### Information supplied
• • • • •
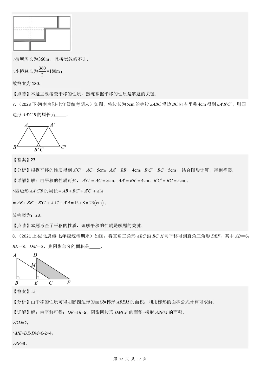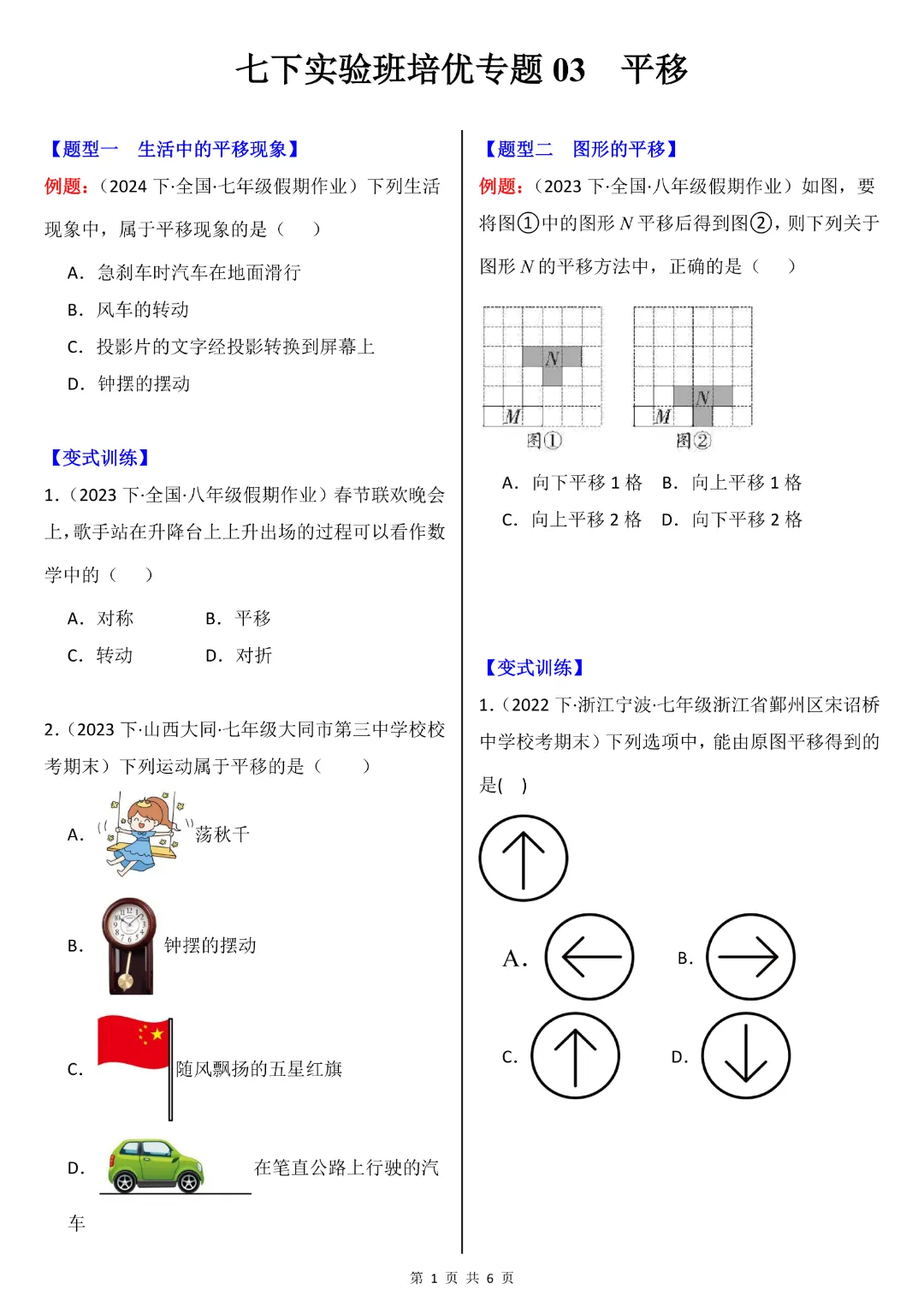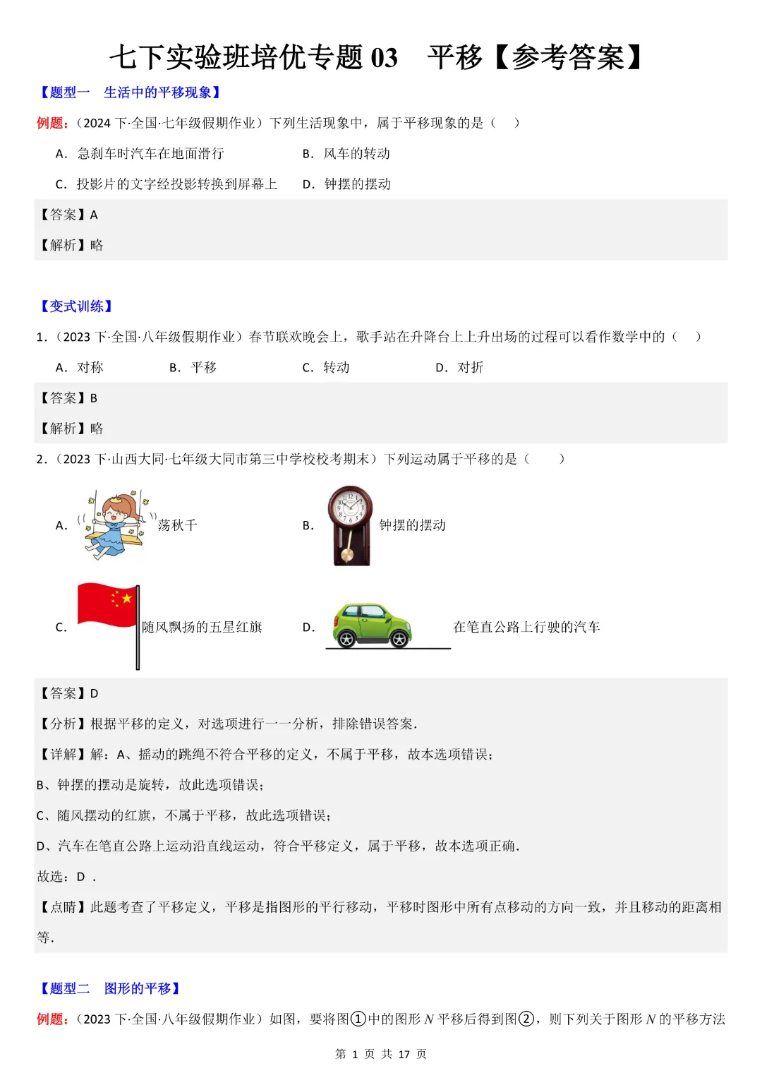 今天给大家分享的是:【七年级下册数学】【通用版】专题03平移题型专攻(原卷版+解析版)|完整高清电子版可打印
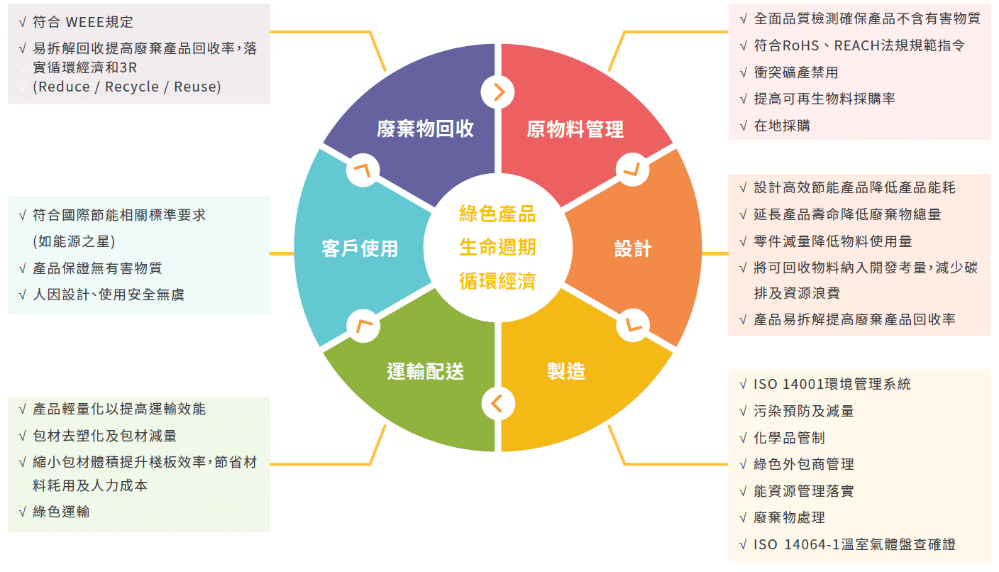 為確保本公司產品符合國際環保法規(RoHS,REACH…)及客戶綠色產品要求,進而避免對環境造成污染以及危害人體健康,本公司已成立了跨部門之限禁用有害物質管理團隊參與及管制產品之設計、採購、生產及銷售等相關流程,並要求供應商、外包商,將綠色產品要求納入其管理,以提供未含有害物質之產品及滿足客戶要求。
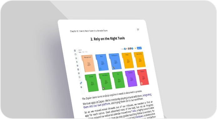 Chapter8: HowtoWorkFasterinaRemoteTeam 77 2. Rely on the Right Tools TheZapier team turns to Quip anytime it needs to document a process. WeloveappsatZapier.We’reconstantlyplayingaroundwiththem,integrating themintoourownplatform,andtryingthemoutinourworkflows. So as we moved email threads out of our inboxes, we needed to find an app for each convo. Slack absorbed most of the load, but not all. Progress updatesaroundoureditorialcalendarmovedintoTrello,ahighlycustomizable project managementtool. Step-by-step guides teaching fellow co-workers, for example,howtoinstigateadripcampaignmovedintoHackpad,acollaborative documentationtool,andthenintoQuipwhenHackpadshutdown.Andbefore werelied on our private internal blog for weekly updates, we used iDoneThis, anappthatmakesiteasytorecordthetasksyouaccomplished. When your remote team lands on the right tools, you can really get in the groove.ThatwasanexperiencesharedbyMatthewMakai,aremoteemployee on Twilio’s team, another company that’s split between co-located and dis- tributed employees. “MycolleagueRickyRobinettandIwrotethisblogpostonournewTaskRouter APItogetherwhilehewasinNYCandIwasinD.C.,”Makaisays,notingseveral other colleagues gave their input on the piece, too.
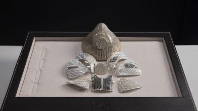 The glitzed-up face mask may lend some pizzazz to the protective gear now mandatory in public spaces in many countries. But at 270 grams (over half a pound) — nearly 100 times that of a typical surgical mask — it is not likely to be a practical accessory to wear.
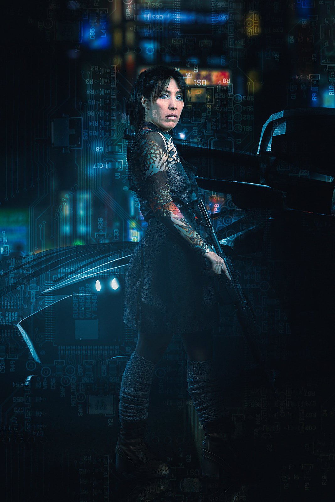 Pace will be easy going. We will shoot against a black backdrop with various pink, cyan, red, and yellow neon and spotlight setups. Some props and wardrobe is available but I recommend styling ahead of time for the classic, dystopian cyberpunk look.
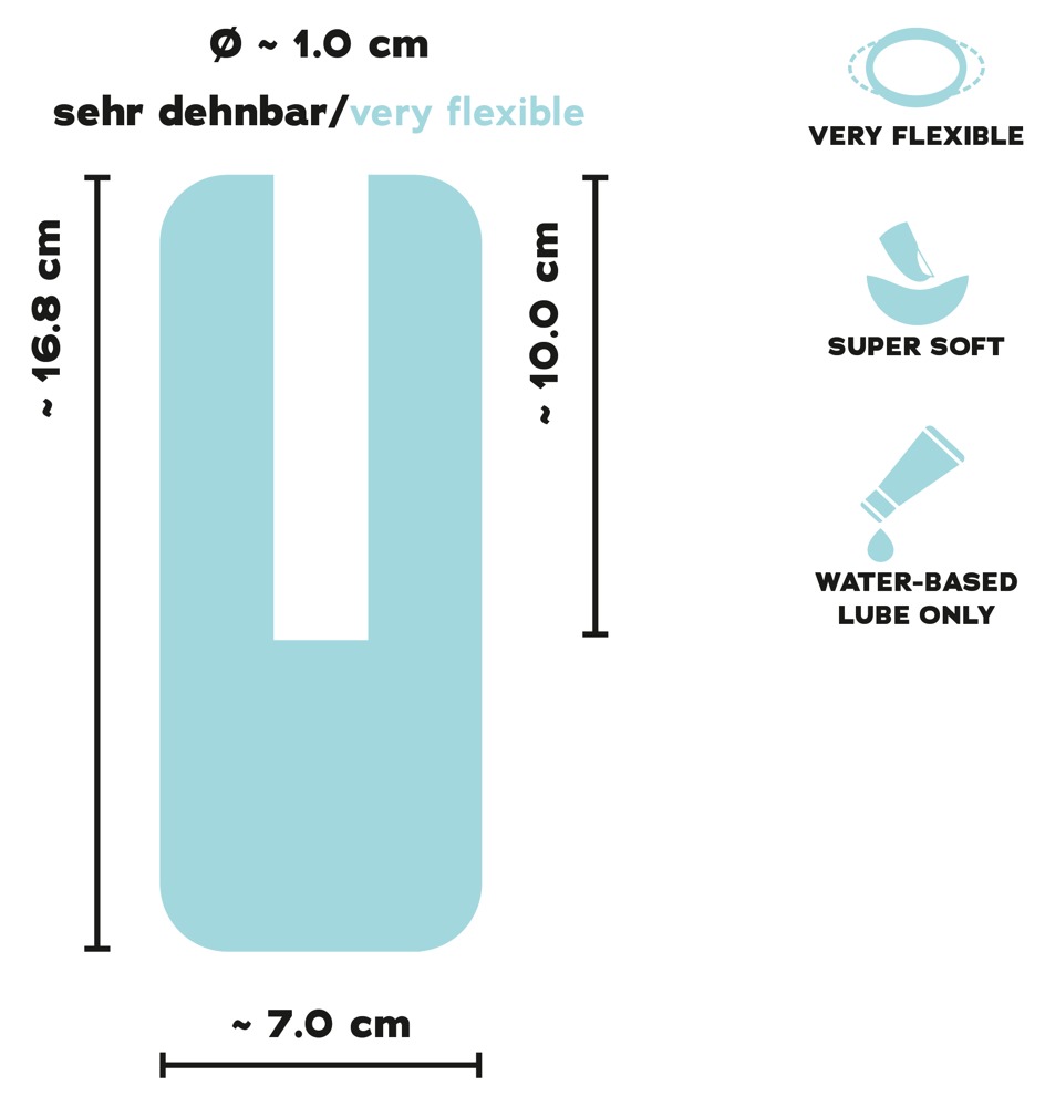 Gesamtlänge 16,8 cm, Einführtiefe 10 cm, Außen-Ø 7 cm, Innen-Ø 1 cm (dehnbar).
• • • • •
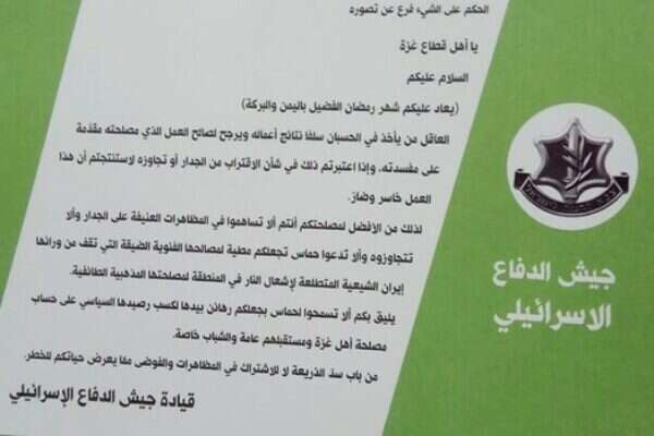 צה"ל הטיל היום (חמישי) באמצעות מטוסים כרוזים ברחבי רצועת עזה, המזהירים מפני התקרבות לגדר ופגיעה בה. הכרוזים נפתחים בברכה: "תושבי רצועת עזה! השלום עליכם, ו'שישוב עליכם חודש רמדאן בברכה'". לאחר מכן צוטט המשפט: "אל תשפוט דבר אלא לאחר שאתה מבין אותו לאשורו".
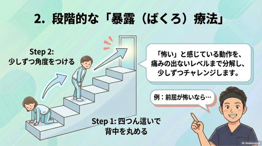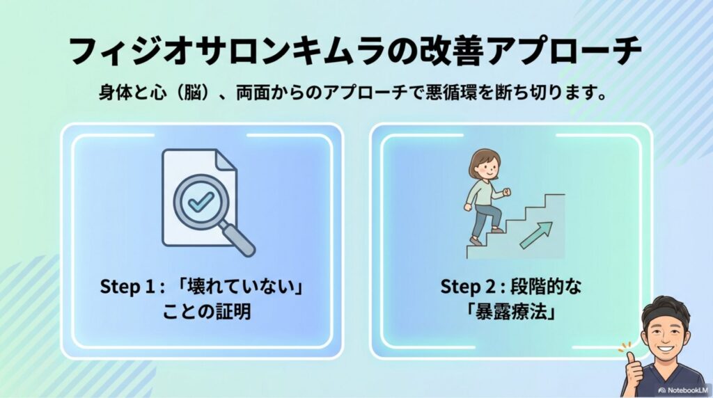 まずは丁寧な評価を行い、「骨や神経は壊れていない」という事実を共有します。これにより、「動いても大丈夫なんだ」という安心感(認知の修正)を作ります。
• • • • •
### Work to complete
For this exercise, return exactly the lines above from the line with "今天给大家分享的是:【七年级" through the line with "為確保本公司產品符合國際環保", both included. Do not copy the pictures.

### Answer box
 今天给大家分享的是:【七年级下册数学】【通用版】专题03平移题型专攻(原卷版+解析版)|完整高清电子版可打印
 為確保本公司產品符合國際環保法規(RoHS,REACH…)及客戶綠色產品要求,進而避免對環境造成污染以及危害人體健康,本公司已成立了跨部門之限禁用有害物質管理團隊參與及管制產品之設計、採購、生產及銷售等相關流程,並要求供應商、外包商,將綠色產品要求納入其管理,以提供未含有害物質之產品及滿足客戶要求。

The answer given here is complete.